We live in an era of shortages. From water to income, there’s dearth of the things we need to make life livable — especially humor. Yes, we’re lucky to have writers like Dave Barry and Nick Hornby to get us through a week or two with a smile on our faces. But once we’ve exhausted the obvious, where do we look next? Are we headed into the next humor shortage?
Fortunately for readers, there’s lots of laughter to be found in places where one least expects it. Humor is not just a genre. It can be a part of any writer’s literary toolkit, and deployed as needed. It’s in the turn of the phrase as much as the pratfall or fart joke.
Probably the last place one might look for a great, funny, even hilarious piece of writing is a book on meditation. Unless you’re hiding under a rock, you’ve been told meditation is good for you, and “good for you” is generally the most effective laugh-killer on the planet. But, if you’re Dean Sluyter, and the book is Natural Meditation: A Guide to Effortless Meditative Practice, you know that laughter requires no practice.
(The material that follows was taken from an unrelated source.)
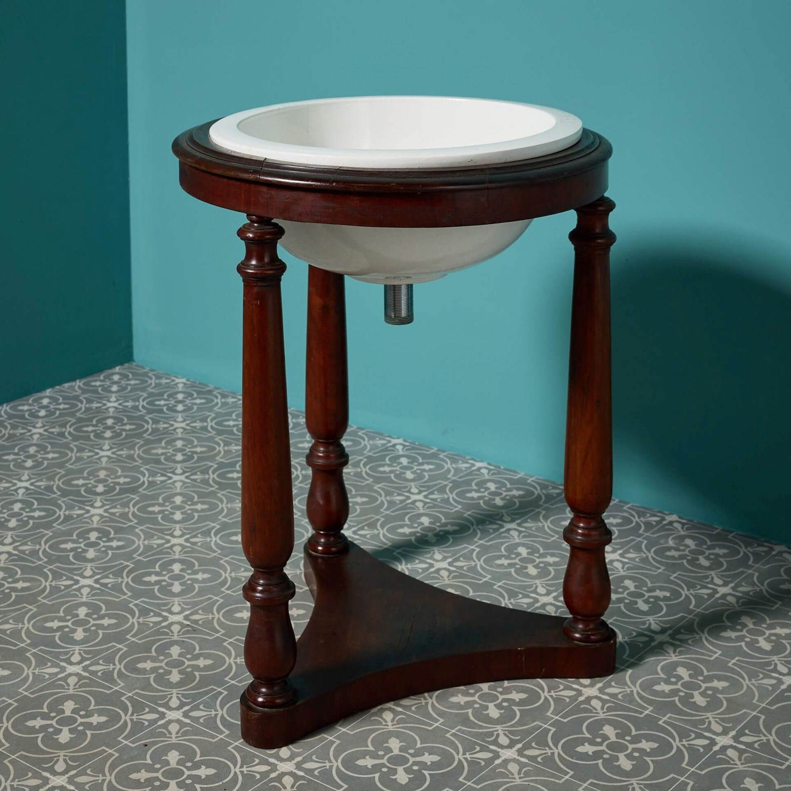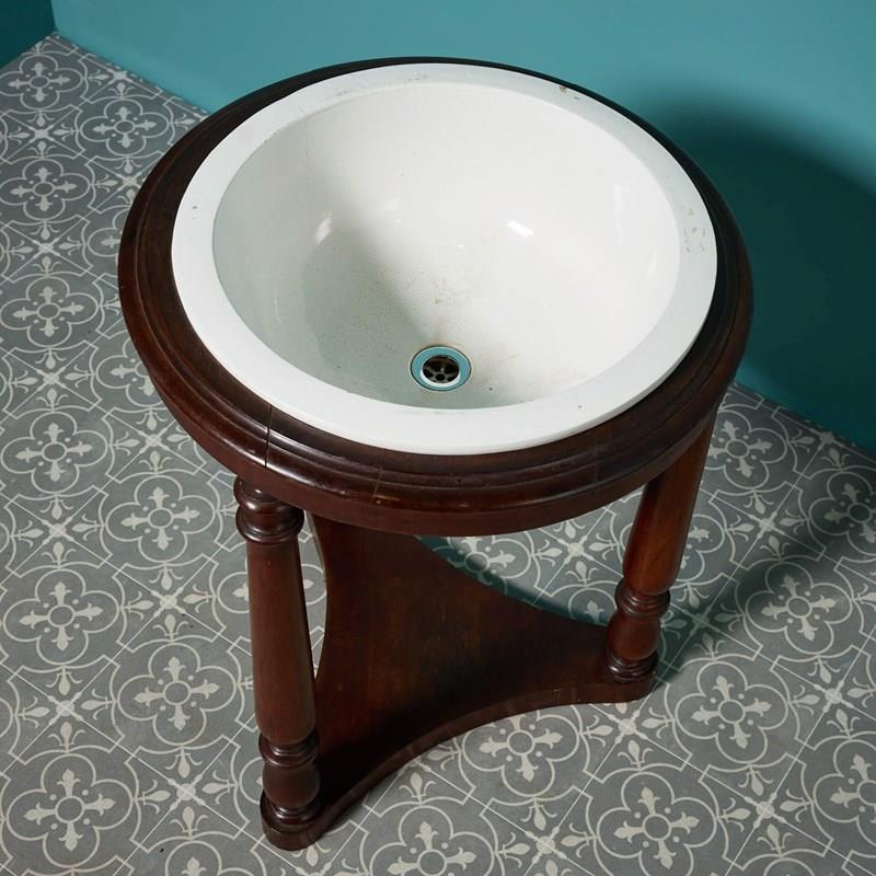 This large sink has a simple yet elegant white porcelain basin held on a striking mahogany one tier triform base with original fittings.

Sluyter (pronounced “slighter”) offers readers solid advice for meditation in prose that’s often funny, and lessons that run toward the risqué. Here’s the only meditation guide where the author demonstrates the “hammock pose.” Sluyter soft-pedals his prose; he doesn’t overplay the humor, but lets it cross the road. Not too much of a surprise for the author of Why the Chicken Crossed the Road and Other Hidden Enlightenment Teachings.
Era-sweeping political memoir is generally the stuff of self-congratulatory puffery. “Import” is inversely proportional to laughter, but in the case of Frank: A Life in Politics from the Great Society to Same-Sex Marriage, humor is a big part of author’s arsenal. Author and former congressman Barney Frank is well-known for his wit, and it’s on full display here, even (perhaps especially) when he’s explicating the inner workings of the sausage machine.